Q: I've always wanted to be a positive influence on people. I used to have time to volunteer, but since my wife got sick last year, I just don't have the margin. How can I still make an impact when most of my energy goes to caring for her?

Jim: Let me emphasize that I think you are making an impact on others -- perhaps greater than you know.

After I broke my ankle in a motorcycle accident, I was in either my bed or my recliner for weeks. My wife had to help me with everything from glasses of water to navigating the stairs. Watching her, I discovered that even simple requests can become a burden when you feel like you're needed all day, every day. And I was only off my feet for 13 weeks.

That's why my heart goes out to those who take care of a spouse who's ill. Your love and commitment should inspire the rest of us. Every day you're honoring your vows that say "the two shall become one." You're taking on their struggles as your own.

You're also teaching us how to respond with love and grace when life doesn't go our way. No couple knows ahead of time what "in sickness and in health" will mean until one of you actually gets sick. You won't know what "for better or for worse" means until your spouse does something unlovable, and you choose to stay committed to your marriage anyway.

Sooner or later, we're all forced to answer the question, "What is my marriage really about?" The couples that last are the ones that say, "Marriage is about commitment when it counts and love put into action." So, thank you -- by caring for an ill spouse, you're reminding the rest of us what honoring marriage really looks like. That's a positive influence.

Q: Yesterday I overheard one of my son's friends say, "Text me on my burner phone." When I asked them what a burner phone is, they quickly changed the subject. Can you tell me what they're talking about?

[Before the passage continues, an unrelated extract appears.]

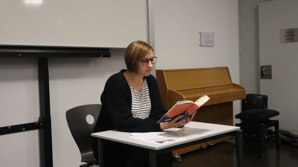 Nach einer kurzen Pause ging das Programm mit Texten von Ernst Jandl, Erich Fried, Stig Dagerman und Moritz Seibert weiter, ausdrucksvoll vorgetragen von Susanne Ingenbleek, Jens Pollakowski und Susanne Pfefferer. Höhepunkt dieses zweiten Teils war sicherlich Harmut Beils Lesung einer Szene aus dem Nachkriegsdrama „Draußen vor der Tür“ von Wolfgang Borchert. Beils Vortragskunst ließ die Zuhörerschaft deutlich ergriffen zurück. Mit dem Text „Abschied von Amerika“ setzte Heinz Linduschka durch den schonungslosen Blick auf die von Trump gebeutelten USA den passenden Schlusspunkt unter einen literarischen Abend, der zeigte, wie gerade durch Literatur die Erinnerung lebendig erhalten werden kann.
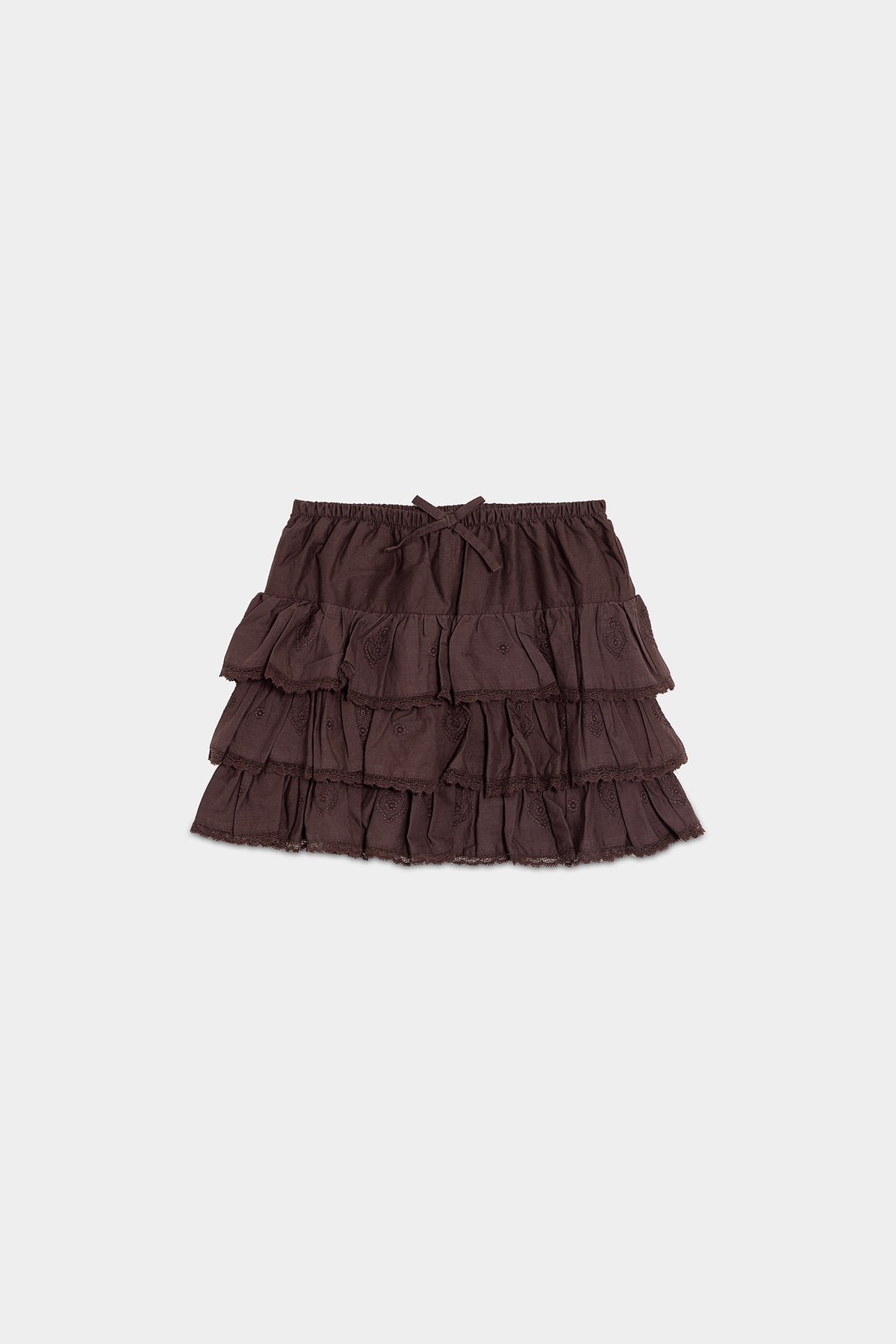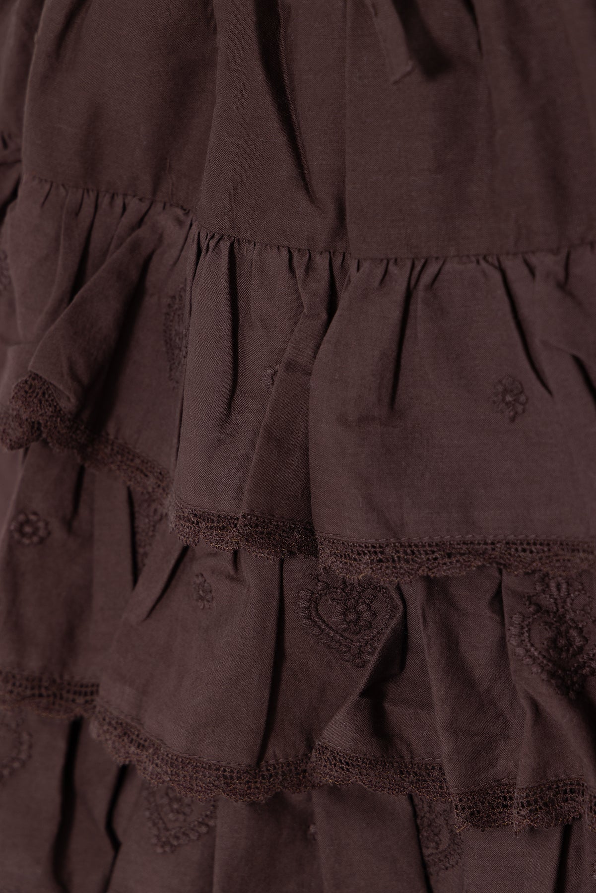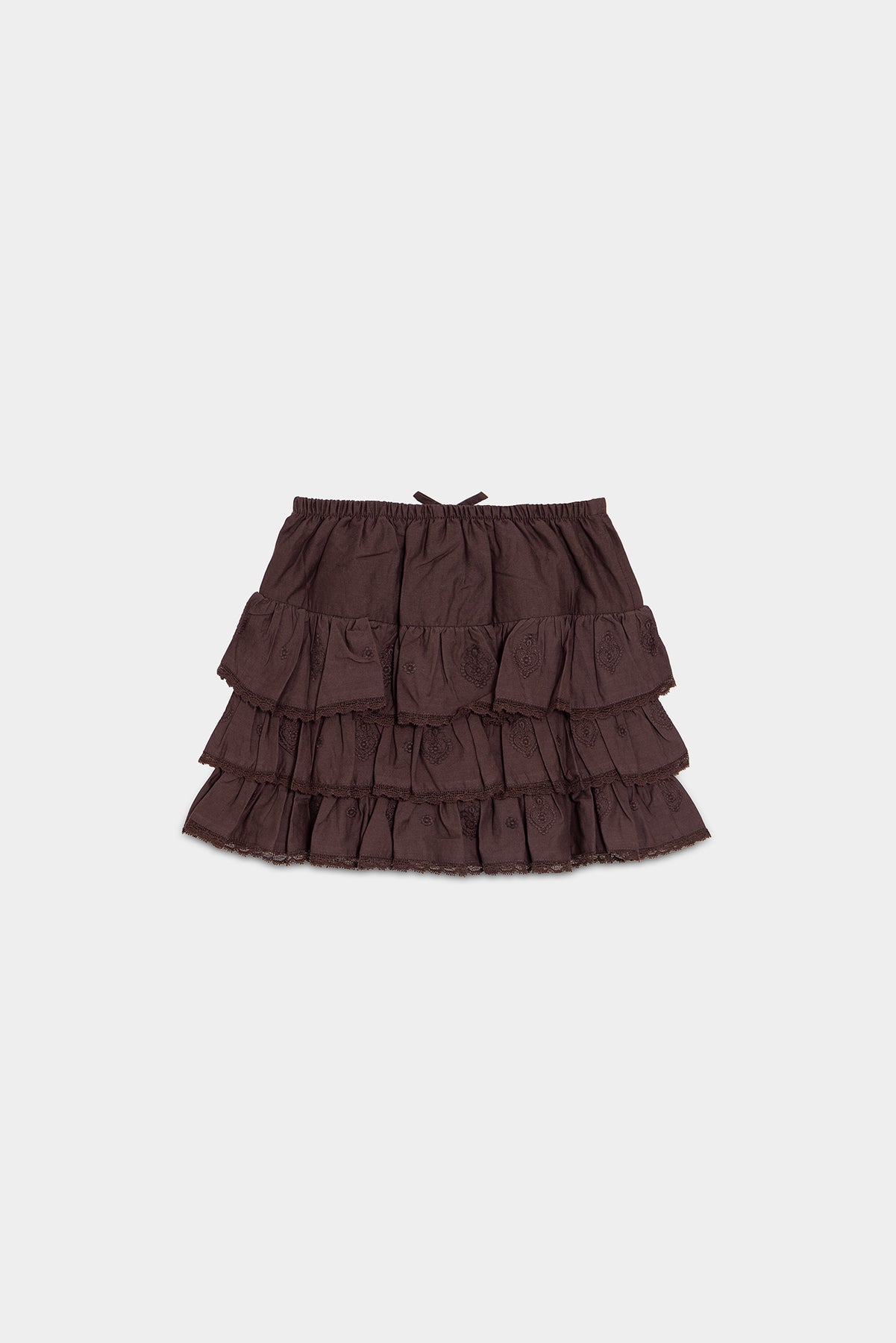 Saia Mini com Folhos cor Castanha. Cintura elástica para um ajuste perfeito. Três folhos com detalhe de bordados na peça. Tecido solto que realça a figura. Combine-a com o top de folhos a condizer para conseguir um look total!

Adam Holz, Plugged In: You may not know it, but if you've seen a spy movie recently, you already know what a burner phone is.

A burner phone is a cheap, low-tech mobile device with an anonymous phone number -- one that can't be tracked back to its user. Its cloak-and-dagger-sounding moniker comes from the fact that a burner phone can be casually disposed of -- "burned" -- if it's at risk of unwanted discovery. In other words, it's a disposable phone. Unlike smartphones with their big screens, sensitive personal information and expensive data plans, burner phones harken back to earlier days of more "primitive" cell phones, when mobile technology primarily focused on calling and texting others.

Today, these so-called "feature phones" (never mind that they're devoid of most features we now expect!) can be had for next to nothing. Buy a prepaid usage card for minutes and/or texts, and you're good to go. (Or, alternately, an old, discarded smartphone without a data plan can be used similarly anywhere there's a Wi-Fi connection.)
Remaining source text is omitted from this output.